If they must win every fight, then they should start off against goons who can't tell them anything useful. There has to be some reason for them to put in effort rather than just coasting along.
-
Bingo. Much as I believe everyone's entitled to enjoy their games their own way, I honestly can't see any fun in breezing through the game, confident that unless the GM made a mistake in creating a challenge, I would overcome it without any real work on my part.
-
Creating an optimized character can only be considered the beginning of earning your happy ending, because no matter how powerful you are if you don't use it right you're toast.
-
I'm down for failure. In our recent FATE Core game (Think Steampunk Three Musketeers) out two PCs brought back the Tzarina of a nearby empire to seal a treaty in marriage. Problem: turns out she's an automaton and the Cardinal wants the wedding called off, which will plunge us into war. We square off in an argument against against an NPC that's a social monster, and both of us get schooled. Morgan's automaton soldier is able to use a free invoke to prevent being taken out, and concedes with a mild and a moderate consequence. I stay in the fight, taking a Moderate and then get taken out completely. It was glorious!
-
I'm down for failure. In our recent FATE Core game (Think Steampunk Three Musketeers) out two PCs brought back the Tzarina of a nearby empire to seal a treaty in marriage. Problem: turns out she's an automaton and the Cardinal wants the wedding called off, which will plunge us into war. We square off in an argument against against an NPC that's a social monster, and both of us get schooled. Morgan's automaton soldier is able to use a free invoke to prevent being taken out, and concedes with a mild and a moderate consequence. I stay in the fight, taking a Moderate and then get taken out completely. It was glorious!
I'm glad your group had fun. Are you trying to make a more general case that people often enjoy failure? I certainly do not; one of my most recent games had frequent failures that snowballed into catastrophe, and it ranks as one of the least enjoyable games I've been involved with--I seriously considered walking out of the game three different times. In another game from some years back, I was running a PC that ended up with legendarily unlucky dice, and despite being a reasonably optimized melee combatant, was an epic failure at combat largely due to dice--his very first action in his first combat involved rolling a 1 on a d20 four times in a row--and this trend continued through his existence as a PC. It wasn't fun.
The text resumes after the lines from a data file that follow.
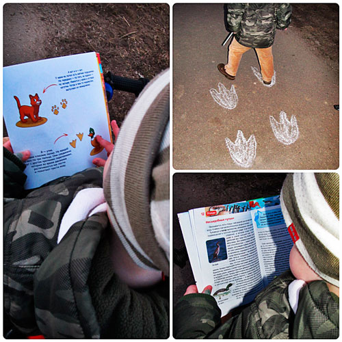 Посмотрели мы в книжках и про необычные лапки у уточек. Мы их нарисовали на асфальте, а потом ходили как уточки.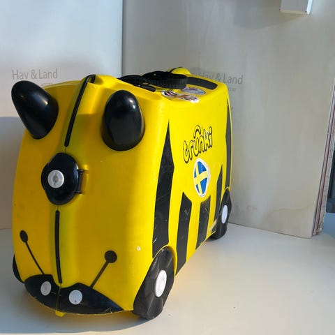 Trendikäs trunku pikkumatkustajalle. Väri pinkki. Voidaan kantaa tai vetää perässä. Lukittava. Sisältää avaimen. Tässä voi myös istua päällä.
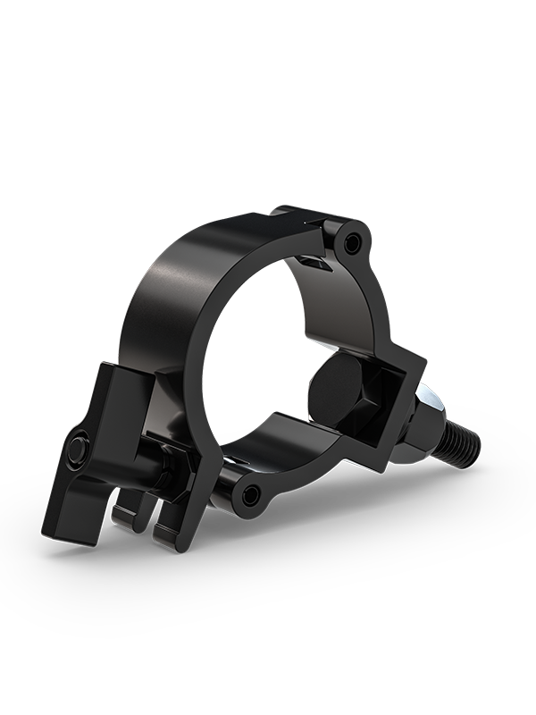Narrow anodized aluminum half-coupler clamp in black finish with threaded M12 bolt. Slim profile securely grips truss and adds versatility when mounting to truss systems. Fits standard 2 inch (50 mm) truss.
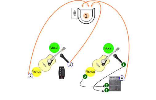 Solo Vocalist / Guitarist with Model I with added second Vocalist / Guitarist using a mixer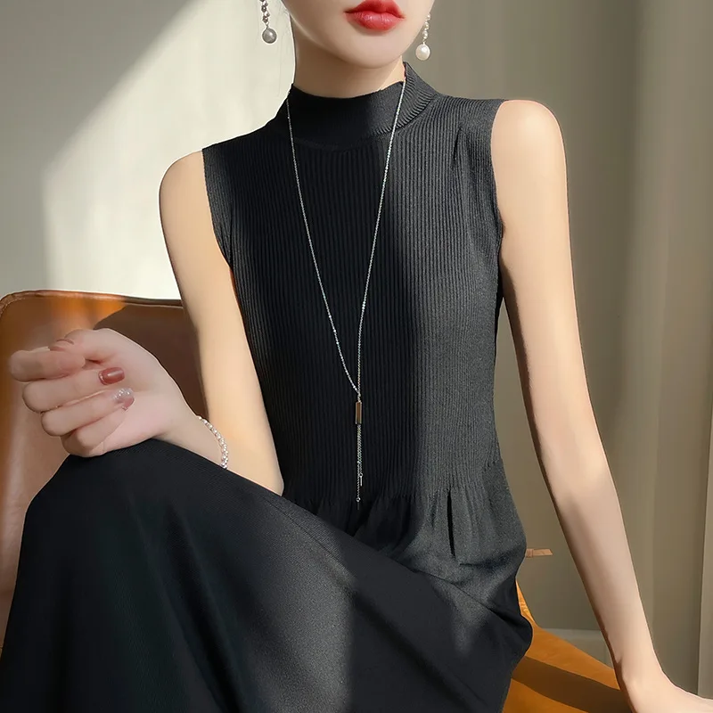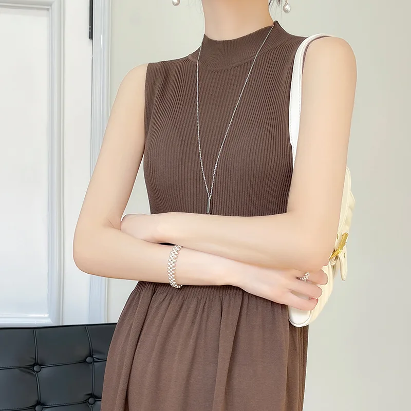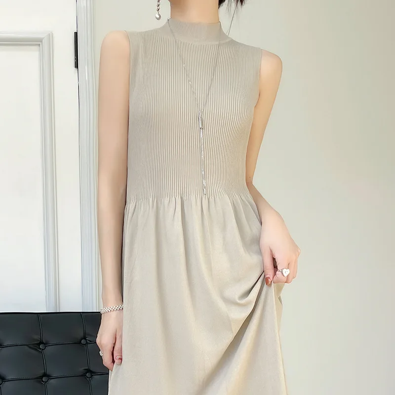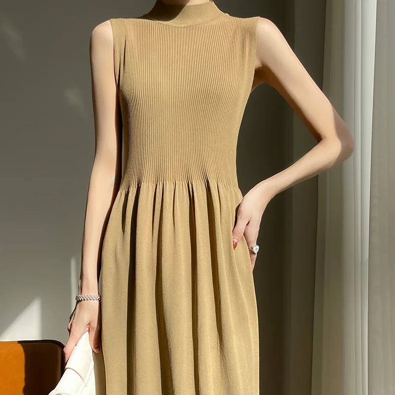 New Style Sleeveless Knitted Vest Dress for Women Autumn and Winter Stand-up Collar High Waist Bottoming Sweater Dress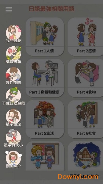 本APP共分成八个主题:人情、感情、身体和健康、饮食、生活、社会、娱乐和旅游、颜色和自然,涵盖日常生活的每个面向,天天用得到的日语单字和短句。对于刚学日语的人,或是已经有一定程度的人,都是最棒的日语相关用语学习工具!

One of the reasons I game is the feeling of achievement that comes from successfully overcoming obstacles. The games I've been involved with have usually had reasonably significant fictional stakes attached to conflicts, such that failing on any non-trivial level had unpleasant consequences. I think this is broadly typical across most games played to the point that a story where "the PCs failed, and it was awesome!" is part of a tiny minority of all awesome gaming experiences. Anecdotes such as the above don't disprove the trend; they merely point out an exception.
-
I'm glad your group had fun. Are you trying to make a more general case that people often enjoy failure?
Nope.
One of the reasons I game is the feeling of achievement that comes from successfully overcoming obstacles.
Trust me, I'm going to get my due from the Cardinal soon!
-
One game I was in I had entered one on one combat with an NPC who had attacked anther PC. This was unknown to my character as he was just trying to find out some information from this NPC. My character won but when he did the other PC saw him. The GM gave him a compel to kill the NPC and he took it. It caused complications and even though I had won the battle I had lost in my goal. This was still fun because it opened up new story line (such as getting arrested for taking the NPC's head and strolling down the road as police and firefighters start showing up). I find that as long as the story progresses and I am able to move forward I dont much care whether I win or lose. If I am constantly dying and having to make new characters thats not fun for me, but always getting the perfect win seems trivial and boring. Why should I bother fighting him when I know for a fact I will win and he will tell me everything I need to know.
-
I'm glad your group had fun. Are you trying to make a more general case that people often enjoy failure? I certainly do not; one of my most recent games had frequent failures that snowballed into catastrophe, and it ranks as one of the least enjoyable games I've been involved with--I seriously considered walking out of the game three different times. In another game from some years back, I was running a PC that ended up with legendarily unlucky dice, and despite being a reasonably optimized melee combatant, was an epic failure at combat largely due to dice--his very first action in his first combat involved rolling a 1 on a d20 four times in a row--and this trend continued through his existence as a PC. It wasn't fun.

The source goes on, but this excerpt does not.